Leaving out all pictures, transcribe exactly the lines between the line with "В оновлених рекомендаціях" and the last line of the records below, both included.

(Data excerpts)
──────
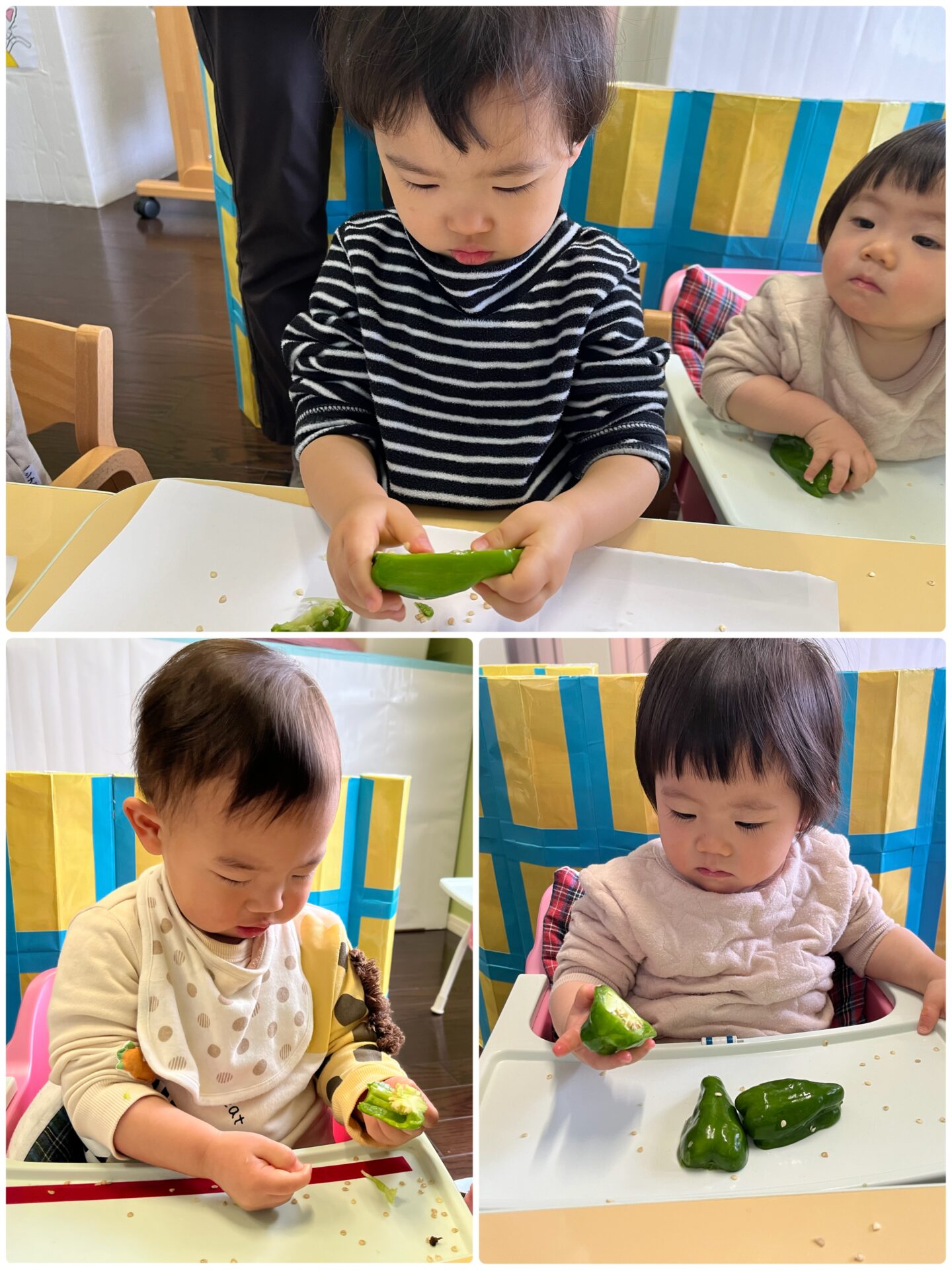 ピーマンがとても美味しそうに見えたのか??つい、口に入れようとするお友だちが何人かいました…
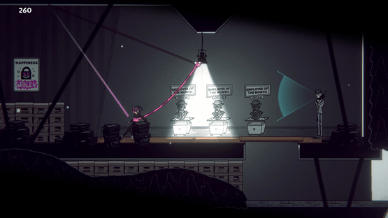 Thief of Smiles is a 2D physics puzzle game with stealth elements. Move lamps, fling barrels, tie up enemies and swing through levels. But be sure to stay hidden in the shadows. All you need for this is your chewing gum companion Ponti. Uncover the dark secrets of the Smiles Savings Bank!
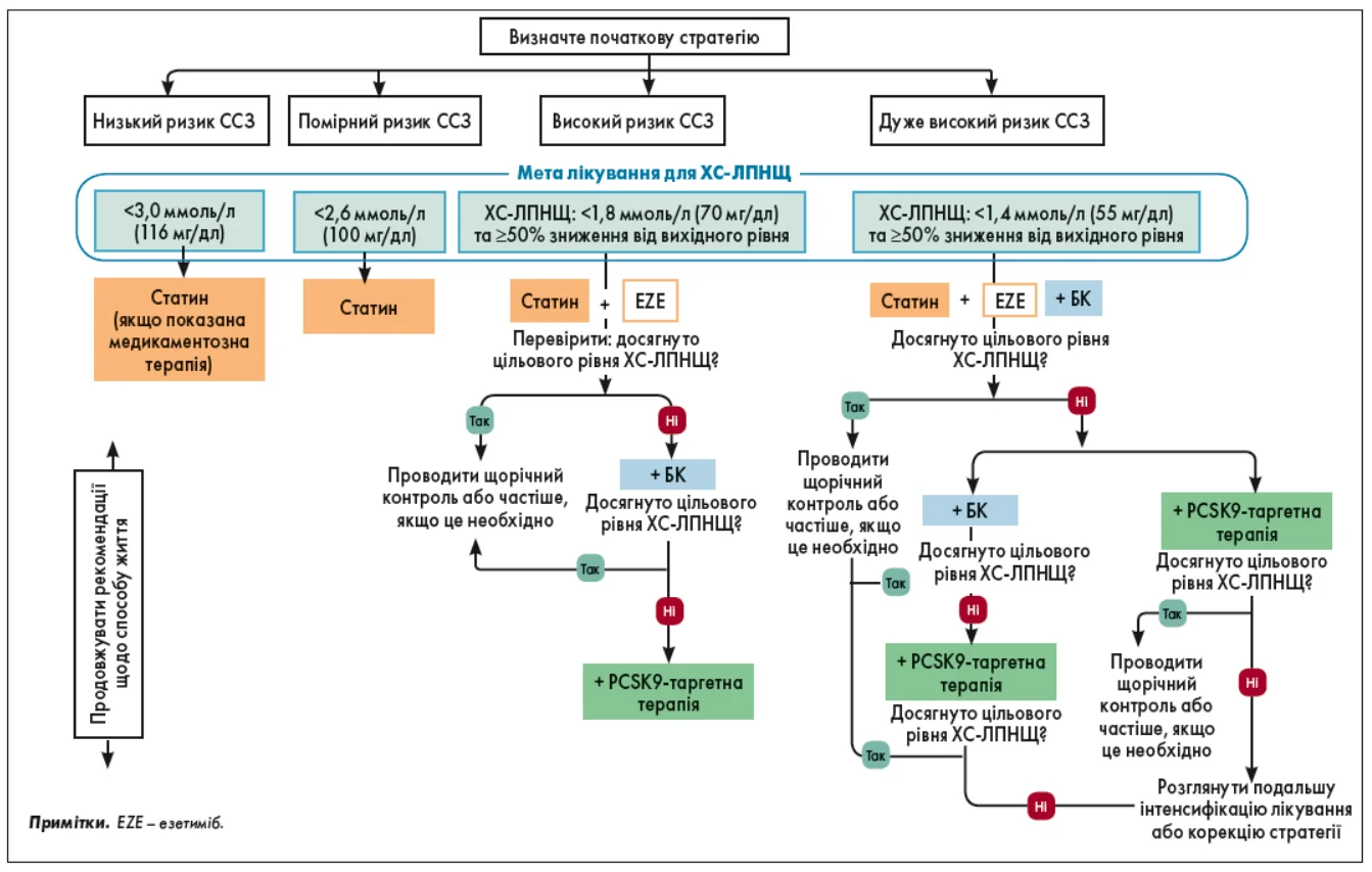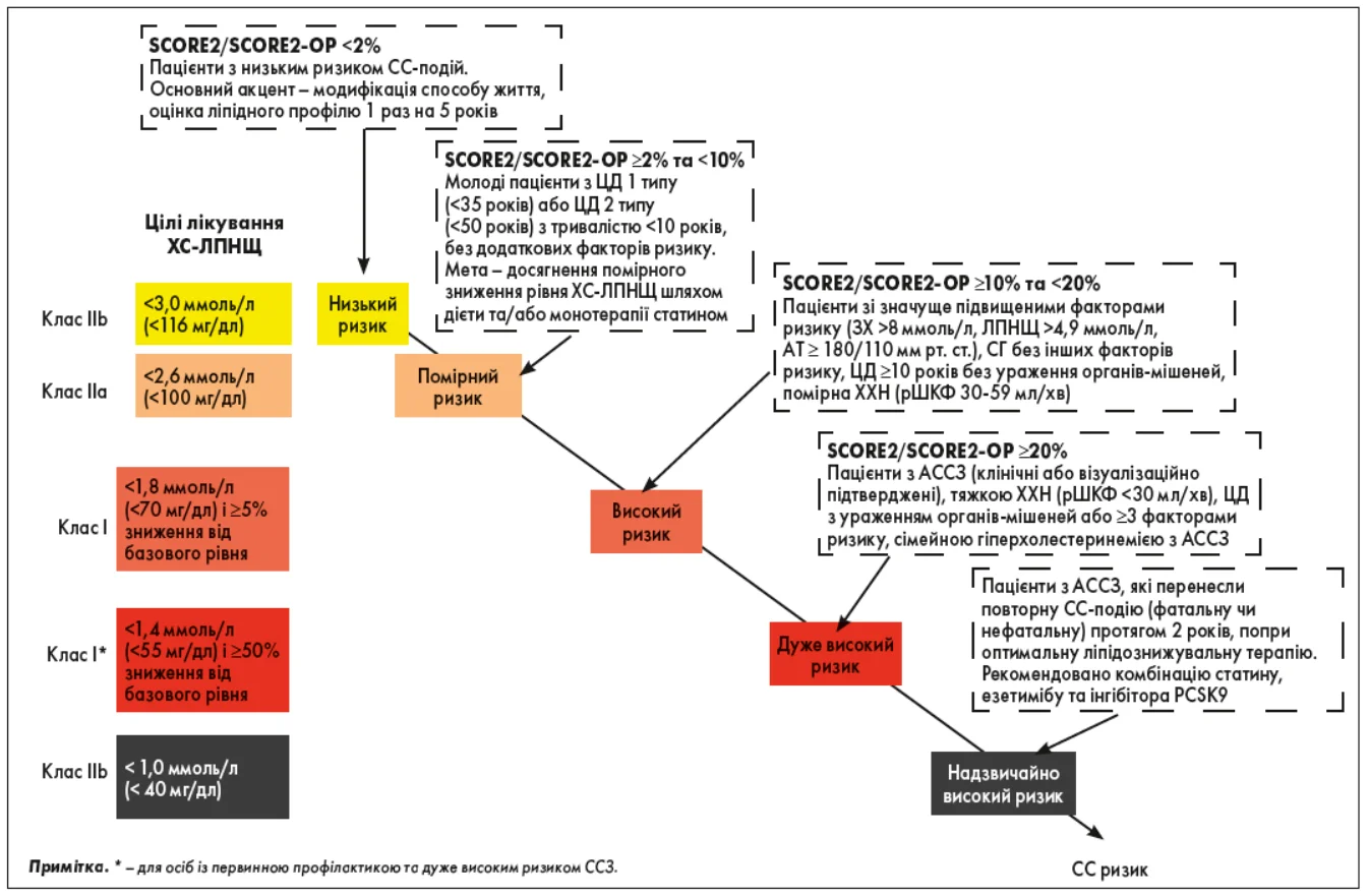 В оновлених рекомендаціях ESC 2025 цілі лікування ліпідних порушень залишаються узгодженими з попередніми принципами: інтенсивність терапії визначається категорією загального ССР. Узагальнений алгоритм подано на рисунку 1.
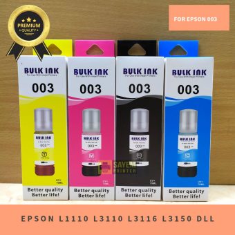 Tinta Bulk Ink Epson 003 L1110 L3110 L3116 L3150 dan bisa untuk seri lain yang terpenting kode tintanya sama, misalnya L4150 L4160 L5190 dan lainya. Kami sarankan untuk tidak menggunakan tinta Epson 003 yang KW atau palsu yang marak dijual online dengan harga sangat murah (sekitar 20.000 – 30.000). Karena jika dari Epson Indonesia yang…
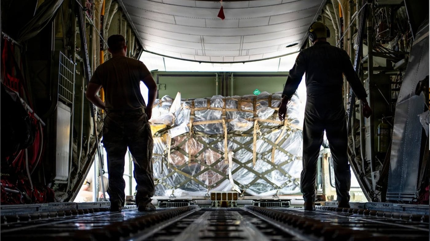 This photo provided by U.S. Air Force, U.S. Air Force loadmasters assigned to the 36th Airlift Squadron prepare to offload a pallet of cargo from a C-130J Super Hercules from the 36 AS in Saipan, Commonwealth of the Northern Mariana Islands, April 19, 2026. . (Senior Airman Tallon Bratton/U.S. Air Force via AP)
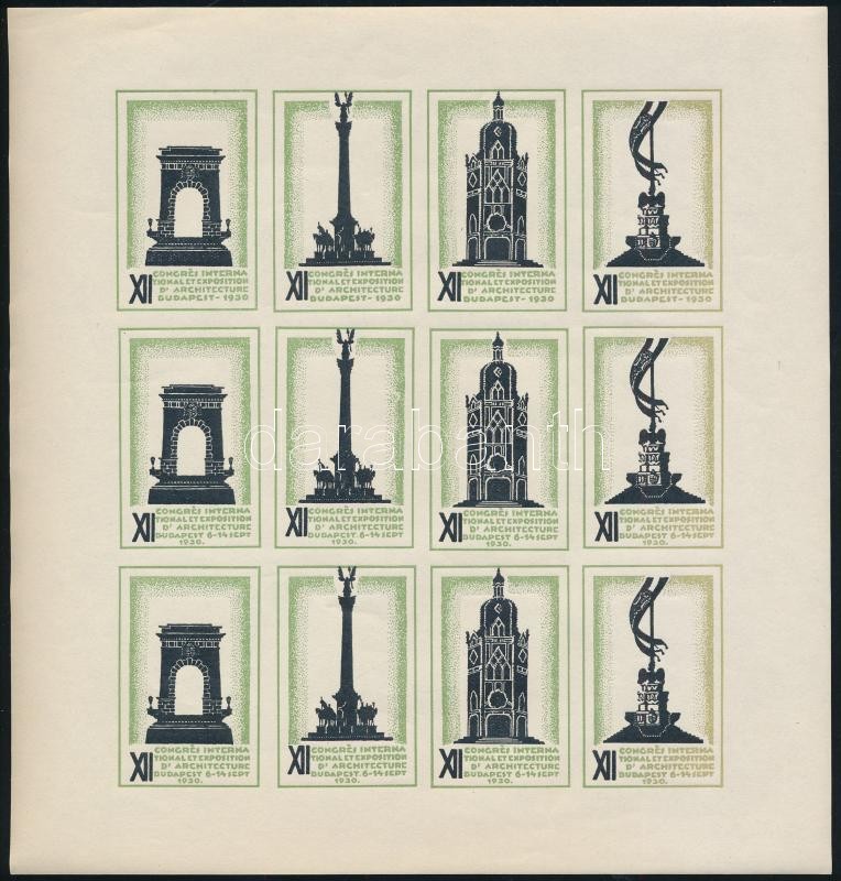 Beschreibung: 1930 Nemzetközi építészeti kongresszus, Budapest 12-es vágott levélzáró ív
──────
→ **Answer to this exercise**:
 В оновлених рекомендаціях ESC 2025 цілі лікування ліпідних порушень залишаються узгодженими з попередніми принципами: інтенсивність терапії визначається категорією загального ССР. Узагальнений алгоритм подано на рисунку 1.
 Tinta Bulk Ink Epson 003 L1110 L3110 L3116 L3150 dan bisa untuk seri lain yang terpenting kode tintanya sama, misalnya L4150 L4160 L5190 dan lainya. Kami sarankan untuk tidak menggunakan tinta Epson 003 yang KW atau palsu yang marak dijual online dengan harga sangat murah (sekitar 20.000 – 30.000). Karena jika dari Epson Indonesia yang…
 This photo provided by U.S. Air Force, U.S. Air Force loadmasters assigned to the 36th Airlift Squadron prepare to offload a pallet of cargo from a C-130J Super Hercules from the 36 AS in Saipan, Commonwealth of the Northern Mariana Islands, April 19, 2026. . (Senior Airman Tallon Bratton/U.S. Air Force via AP)
 Beschreibung: 1930 Nemzetközi építészeti kongresszus, Budapest 12-es vágott levélzáró ív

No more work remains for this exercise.